International speaker, marketing consultant and copywriter Shel Horowitz specializes in win-win green and ethical strategies that lower costs, boost profits and have potential customers calling you. He is the author of eight books — six of them on marketing. Five of those six have won awards, sold rights to foreign publishers and/or made at least one category bestseller list at Amazon — including his eighth book, “Guerrilla Marketing Goes Green” (co-authored with Jay Conrad Levinson). Shel also works with unpublished writers to turn them into published authors, is starting an international trade association for green marketers (the International Association of Earth-Conscious Marketers) and has been both a marketer and environmental activist since the 1970s.

Shel’s been featured in many major media outlets, including repeat appearances in The New York Times, The Wall Street Journal, Entrepreneur and elsewhere. An expert on affordable, ethical and effective marketing, he’s been using social media marketing all the way back to 1995. Since 1996, it has brought in the majority of his income. Shel speaks frequently on social media, book publishing, green and ethical marketing, and business success through ethics and green principles

On the activist side, Shel got his first taste of victory in the early 1970s, when he was involved in a successful effort to block Con Edison’s proposed nuclear power plant two miles north of New York City. He has been an organizer for many environmental and social causes since then. In 1999, he organized Save the Mountain, a successful mass movement to stop a very inappropriate mountaintop housing development that all the “experts” said couldn’t be stopped, He’s also the founder of the international Business Ethics Pledge,

He lives in a 1743 farmhouse in Hadley, Mass., where he continues to influence environmental issues as a member of the town’s official Long Range Plan Implementation Committee. He’s married to novelist D. Dina Friedman and has two children.

What are you working on right now?

I’m working on actively spreading the word about green and ethical business choices that cut costs, boost profits and attract the right kind of customer.

Starting a trade association for green marketers.

Developing and working a long-term plan to become much better known as a commentator and columnist, so I can spread these ideas to a much larger audience.

3 trends that excite you?

The environmental movement has finally broken into mainstream consciousness.

Within the last 25 years or so, peace and democracy have been achieved in several formerly strife-torn countries that had been under dictatorships — South Africa being one of them.

The business world is slowly realizing (and I like to think I had at least a little to do with this) that human-centered, ethical enterprise works better.

How do you bring ideas to life?

Getting ideas is always easy for me. I even have a research folder for a book I may write someday, “How to Find Your Next 10,000 Ideas.”
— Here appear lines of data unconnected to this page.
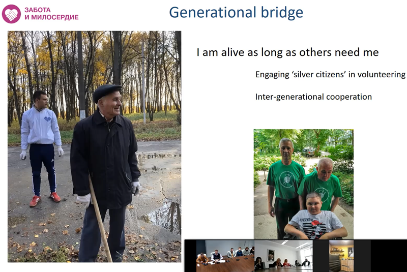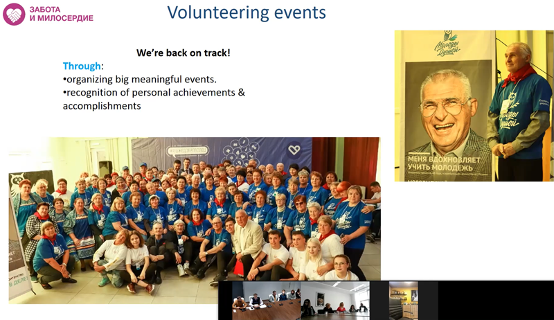 С российской стороны с докладами выступили Евгения Решетина (руководитель Ресурсного центра поддержки добровольчества Рязанской области), Юрий Пинигин (руководитель Рязанского городского волонтерского центра, председатель комиссии по молодежной политике, развитию добровольчества и патриотическому воспитанию Общественной палаты города Рязани), Алексей Кованов (директор АНО по предоставлению социальных услуг «Забота и Милосердие») и Дарья Фролова (региональный координатор Всероссийского общественного движения «Волонтеры культуры»). Модератором-переводчиком выступал Александр Селиванов.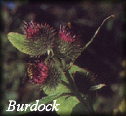 Burdock, also known as Great Burdock, is a member of the thistle family. It has large, heartshaped leaves with purple flowers and it can grow as large as two feet long and one foot wide.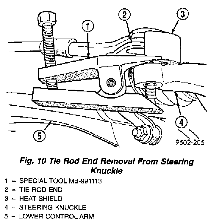 6. Remove the tie rod end from the steering knuckle using Remover, Special Tool MB-991113.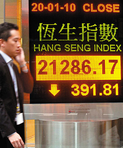 中新網(wǎng)1月21日電 據(jù)香港《文匯報(bào)》報(bào)道,恒指20日收報(bào)21286點(diǎn),跌391.8點(diǎn),成交752億元。A股同樣下跌,上證跌95點(diǎn)報(bào)3151.8點(diǎn),跌幅近3%。國指則跌2.5%,報(bào)12,282點(diǎn),勁跌318.6點(diǎn)。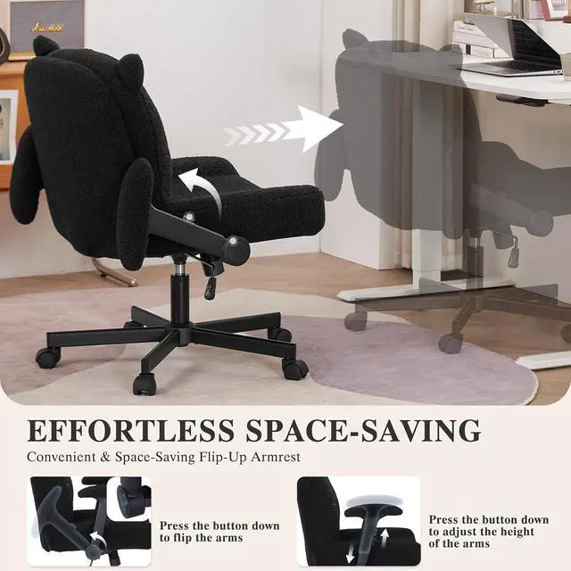 Ergonomic Excellence for Extended UseThe ergonomic criss cross legged office desk chair prioritizes health with a padded backrest targeting lumbar pressure points and a wide desk chair seat edged with reinforced foam for safety. Adjustable armrests and breathable teddy fabric adapt to typing, reading, or making up. A lovely office chair for dynamic workflows. Its ergonomic desk chair design reduces fatigue, making it ideal for all-day use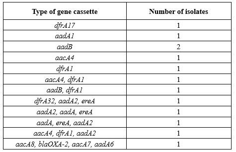 The high frequency of aminoglycoside resistance gene cassettes in class 1 integrons has been reported in several studies. In a previous report, different aminoglycoside resistance genes, including aadA1, aadA2, aadA5, aadA6, aadB, accA4, and aac(6)-IIa, and three bla genes blaOXA10, blaP1, and blaCARB-8 were identified in integrons structure (25).

The hard part is sorting through which of the torrent of ideas are the right ones to focus on, which ones I have the resources to implement, which ones advance my personal, professional, and change-the-world goals, and which ones resonate emotionally with me.

A lot of my best projects were somewhat spontaneous.

What is one mistake you’ve made that our readers can learn from?

Waiting too long to be public about my commitment to ethics and values in business. When I started making a big deal out of this, I started attracting a much better and more lucrative class of client, as well as a much deeper national and international reputation.

What is one book and one tool that helps you bring ideas to life?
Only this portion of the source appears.